WHAT TO PRODUCE: Where the listing below reaches the line containing "Nyd de mange", start writing out lines exactly, and stop once the line containing "As seen in Figure" has been written.

STORED DATA:
=-=-=-=-=
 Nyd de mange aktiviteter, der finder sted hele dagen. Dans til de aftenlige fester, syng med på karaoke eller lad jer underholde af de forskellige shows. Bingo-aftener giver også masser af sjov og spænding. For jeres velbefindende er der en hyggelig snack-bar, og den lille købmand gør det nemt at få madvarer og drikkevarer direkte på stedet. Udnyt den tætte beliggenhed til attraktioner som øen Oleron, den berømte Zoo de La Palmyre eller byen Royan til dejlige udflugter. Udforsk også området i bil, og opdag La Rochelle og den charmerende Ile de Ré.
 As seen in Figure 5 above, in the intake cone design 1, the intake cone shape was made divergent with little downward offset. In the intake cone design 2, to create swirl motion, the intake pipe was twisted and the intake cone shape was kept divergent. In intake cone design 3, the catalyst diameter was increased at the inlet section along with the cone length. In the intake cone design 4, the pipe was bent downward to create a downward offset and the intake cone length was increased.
=-=-=-=-=
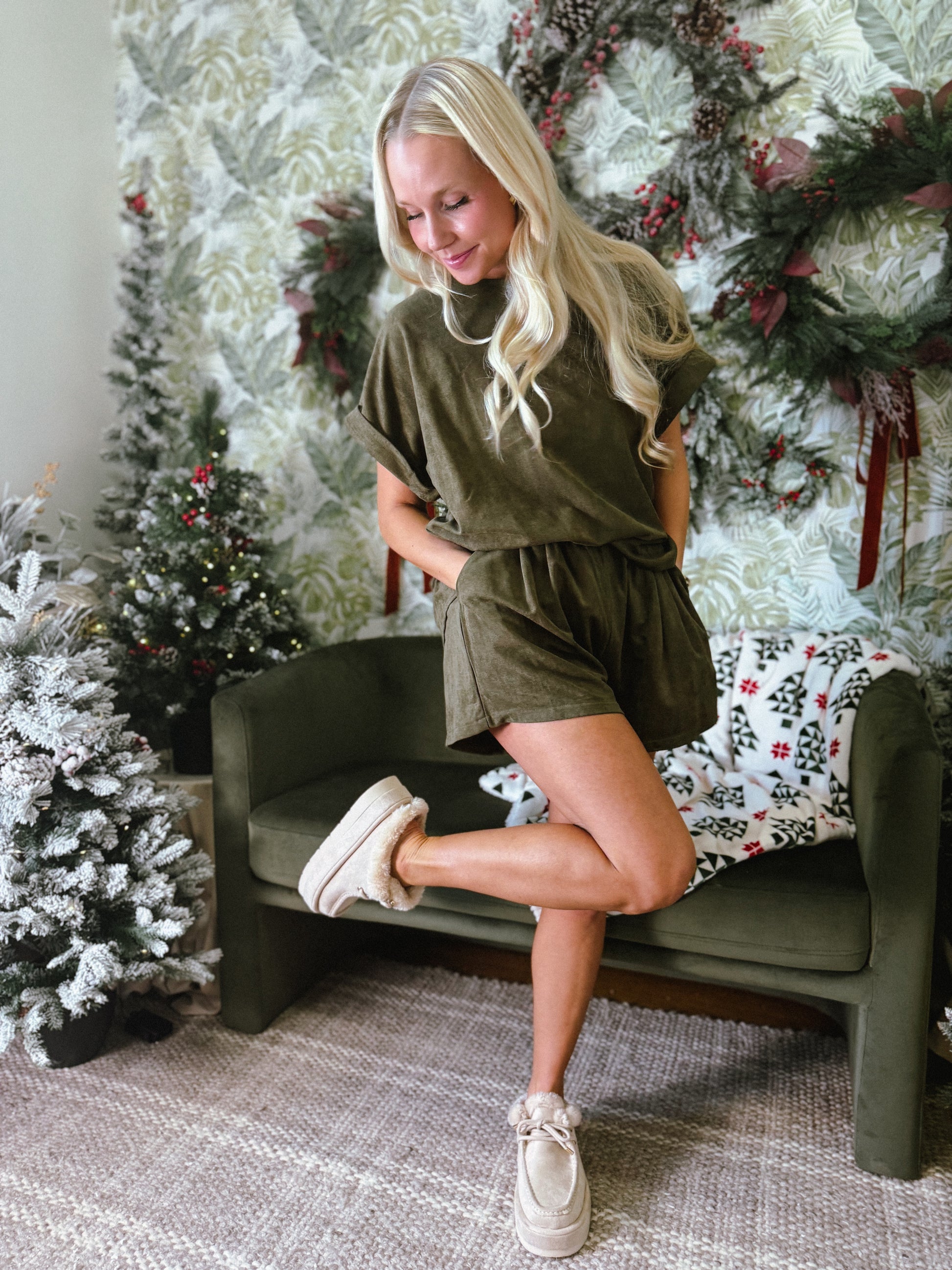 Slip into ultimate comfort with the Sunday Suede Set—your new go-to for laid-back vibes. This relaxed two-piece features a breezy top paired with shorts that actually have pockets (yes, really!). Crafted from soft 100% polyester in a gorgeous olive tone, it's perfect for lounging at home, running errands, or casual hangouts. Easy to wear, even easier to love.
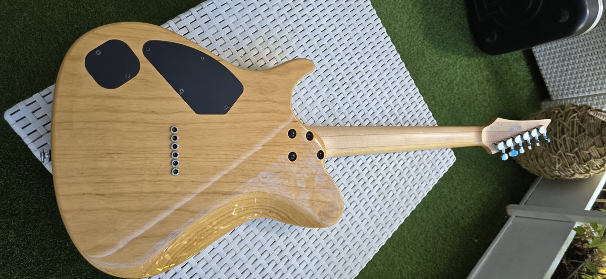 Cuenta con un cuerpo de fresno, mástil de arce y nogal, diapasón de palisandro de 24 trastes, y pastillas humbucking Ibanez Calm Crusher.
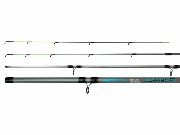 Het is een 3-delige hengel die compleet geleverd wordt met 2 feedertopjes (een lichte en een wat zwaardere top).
=-=-=-=-=
SOLVED PROBLEM:
 Nyd de mange aktiviteter, der finder sted hele dagen. Dans til de aftenlige fester, syng med på karaoke eller lad jer underholde af de forskellige shows. Bingo-aftener giver også masser af sjov og spænding. For jeres velbefindende er der en hyggelig snack-bar, og den lille købmand gør det nemt at få madvarer og drikkevarer direkte på stedet. Udnyt den tætte beliggenhed til attraktioner som øen Oleron, den berømte Zoo de La Palmyre eller byen Royan til dejlige udflugter. Udforsk også området i bil, og opdag La Rochelle og den charmerende Ile de Ré.
 As seen in Figure 5 above, in the intake cone design 1, the intake cone shape was made divergent with little downward offset. In the intake cone design 2, to create swirl motion, the intake pipe was twisted and the intake cone shape was kept divergent. In intake cone design 3, the catalyst diameter was increased at the inlet section along with the cone length. In the intake cone design 4, the pipe was bent downward to create a downward offset and the intake cone length was increased.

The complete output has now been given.